TechSetupGuides
Advancedraydistributed-computingmachine-learningpythonml-operationsparallel-computingkubernetesaws

Ray - Distributed Computing Framework

Ray is an AI compute engine for scaling AI and Python applications. It consists of a core distributed runtime and a set of AI Libraries for accelerating ML workloads.

  1. Step 1

    Overview

    Ray is an open source distributed computing framework designed for scaling AI and Python applications. Created by the RLAB research group at UC Berkeley, Ray provides a unified API for distributed task scheduling, stateful computation, and data parallelism.
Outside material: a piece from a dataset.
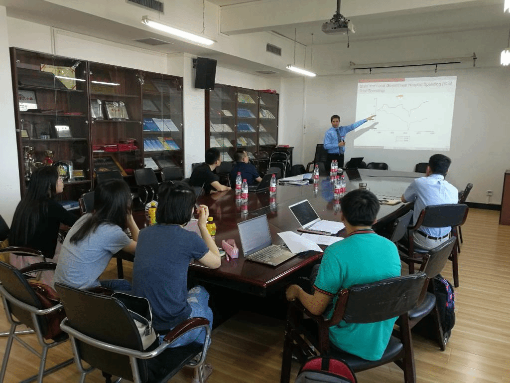 5月30日下午美国印第安纳大学公共和环境事务公司Justin MichaelRoss教授在主教1108会议室作题为“地方政府能否代表选民偏好?——基于地方政府平价医疗法案的研究”讲座。Justin MichaelRoss教授担任印第安纳大学地方政府治理协会主席,其研究领域为地方政府治理、社保改革等公共财政领域。讲座由betway西汉姆联平台樊勇教授主持,betway西汉姆联平台部分教授和博士、硕士生参加了此次讲座。

    Ray is widely used for:

    • Machine learning model training at scale
    • Hyperparameter tuning
    • Reinforcement learning
    • Batch inference
    • Serving ML models
    • Distributed data processing

    Key components of the Ray ecosystem:

    • Ray Core: Fundamental primitives (tasks, actors, objects) for distributed applications
    • Ray Data: Distributed data processing for ETL and preprocessing
    • Ray Train: Distributed training for machine learning models
    • Ray Tune: Hyperparameter tuning and experiment management
    • Ray Serve: Scalable model serving with autoscaling
    • Ray RLlib: Production-ready reinforcement learning library
  2. Step 2

    System Requirements

    Ray officially supports:

    • Platforms: Linux (x86_64, aarch64/ARM), macOS (Apple Silicon M1+), Windows (beta)
    • Python: 3.8, 3.9, 3.10, 3.11, 3.12
    • Hardware: Ray runs on single machines and can scale to thousands of nodes across clouds

    For ML workloads:

    • GPU support via NVIDIA CUDA (recommended for deep learning)
    • Optional: TPUs, AMD ROCm
    • Sufficient RAM for model and data storage
    • High-speed network for cluster deployments (10 GigE recommended)
  3. Step 3

    Installation (ML Applications)

    Install Ray from PyPI. For machine learning applications, this installs Ray with Data, Train, Tune, and Serve libraries.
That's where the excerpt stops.